Presenting a proposal and then suggesting how one might work within it or which parts people might find attractive and therefore embrace is very helpful to those who are trying to understand an issue and how they might be able to support solutions to it.

The flaw in this approach, however, is that the president’s opponents (who are also, unfortunately for him, his current partners in governing) are not looking for parts that they can embrace or support … they are looking for reasons to say no. It might be better to propose the biggest boldest package to say NO to and then let the American people see the value (and the obstruction) and demand that their congressmen support it. It is clear from the debt ceiling negotiations, and indeed from just about everything we have seen in the teaparty 112th Congress, that there will be no compromises from about 80 or so Republican House members and about a half-dozen Senators.

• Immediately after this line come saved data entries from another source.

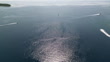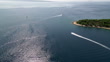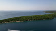 Drone shot of headland on Rab Island with trees and greenery all over, boats cruising on water surface, the greenest island of the Adriatic Sea
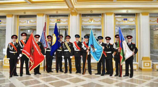 Курсанты из смоленского военно-патриотического центра «Вымпел» передали священную реликвию брянским кадетам, после чего знамя будет храниться поочередно в кадетских корпусах области, а нести почетный караул у него будут лучшие курсанты.
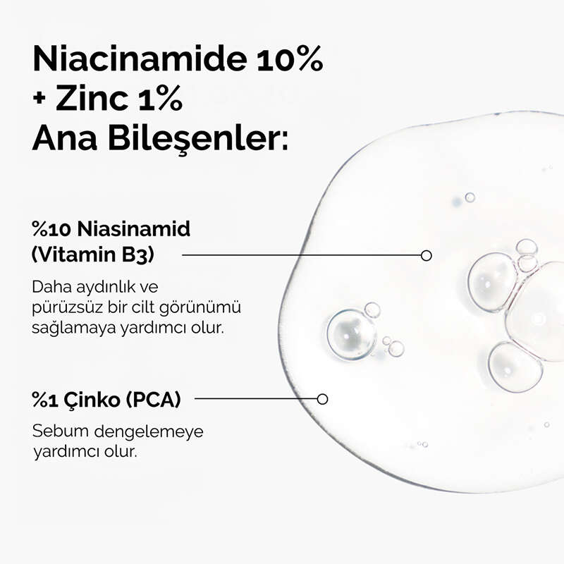 Niasinamid (B3 vitamini) ve Çinko PCA içeren formülüyle cildin pürüzüsüz görünmesini hedefler.
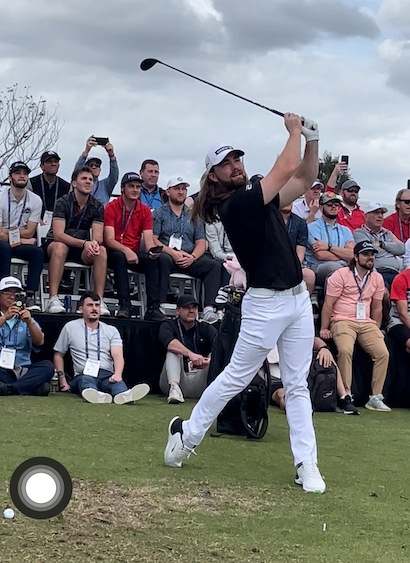 そして黒山の人だかりしているブースを発見! コブラですね! ギャラリーの目線の先には、いらっしゃいましたカイル・バークシャー選手です。もうさすがですね、余裕で300ヤードを軽々と超えられていました。コブラはメーカーとしても日本より人気が高いですね。
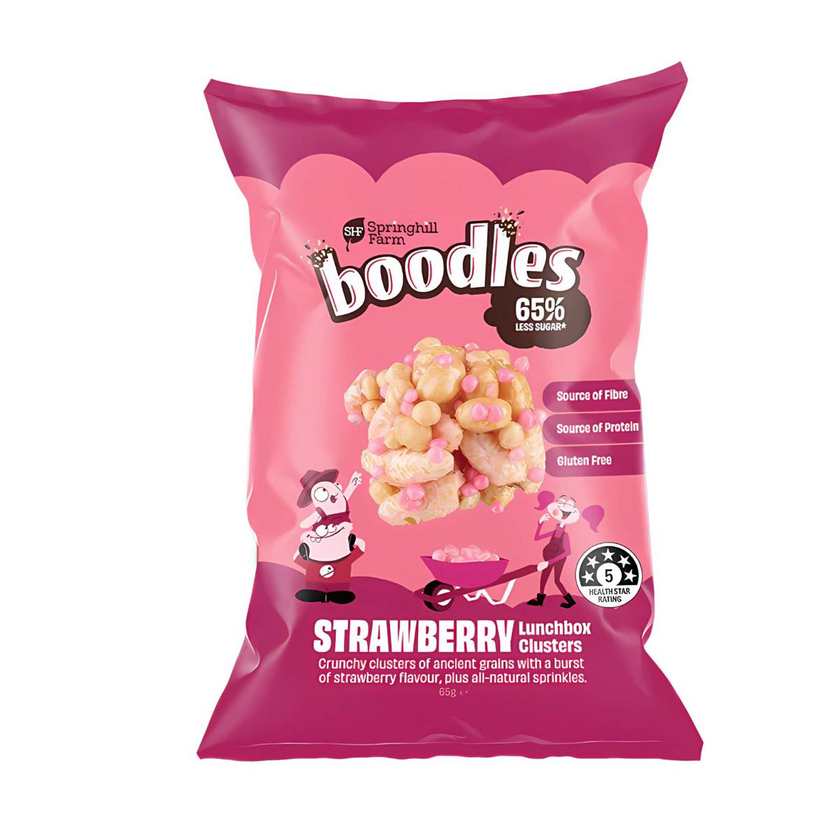 | KEY INFORMATION | Crunchy clusters of ancient grains with a burst of strawberry flavours, plus all-natural sprinkles. The struggle for parents to ensure a balances diet for children has been well documented over millennia (in fact, we’re pretty sure there are cave painting somewhere of parents hiding veggies in their kids’ snacks). We KNOW kids are going to love these crunchy clusters and better yet, parents will love them as they’re packed full of fibre and proteins (with 5 Health Stars to boot!). |

I agree with Eugene Robinson: make a big, bold, over-the-top jobs program but then work now to enlist the aid of the American people to convince their individual congressmen to work with the president. With 84% considering jobs as a top policy priority (an increase of 24% from 2008 to 2011) and that percentage nearly identical across parties (87% for Republicans, 88% for Democrats, 81% for Independents), any congressman who wants to be re-elected is going to need to start becoming part of the solution in 2011. A solution for the people hurting from the Great Recession and the jobless “recovery” not just a talking point for 2012.

By the way, Eugene Robinson suggests that a bold jobs program would boost Obama’s reelection prospects, but clearly, based on this news, we do not have to concern ourselves with that anymore 😉 :

Allan Lichtman, the American University professor whose election formula has correctly called every president since Ronald Reagan’s 1984 re-election, has a belated birthday present for Barack Obama: Rest easy, your re-election is in the bag.

“Even if I am being conservative, I don’t see how Obama can lose,” says Lichtman, the brains behind The Keys to the White House.

Lichtman’s prediction helps to explain a quirk in some polling that finds that while Americans disapprove of the president, they still think he will win re-election.

Professor Lichtman has 13 keys that he looks at to predict the elections. Obama wins 9 and loses 3 and has a draw on the other key.

As they say, prediction is very difficult, especially about the future so I will take Professor Lichtman’s prediction with a grain of salt but will use it to feel better about our prospects in 2012.

It is more difficult to get pumped up for an uphill battle and overconfidence is never good but a little good news can help keep our spirits up for the long slog. Let’s give Professor Lichtman another win in his impressive string.

Have a great day and fist bumps to those who need them (or want them)!



  1. I am not ready to give up on helping people now just to position ourselves for the future. We can’t sit on our hands for 16 months while there is so much pain.

    Go to Winning Progressive’s web site for more information about how you can contact your congressmen and write letters to the editor. We can change the world when we work together.

  2. Hi Jan, Good luck on the new site. looks great.

    • Thanks, sjterrid. These free sites are really easy to set up and use … perfect for personal blogging.

      Hope you are staying high and dry in New Jersey.

  3. We were lucky we only had a little bit of water in the basement, and never lost power. There has been a lot of damage in the state because of flooding. A lot of the creeks and rivers in parts of the state had overflown their banks. Governor Cristie requested emergency assistance. President Obama is supposed to be in New Jersey this weekend.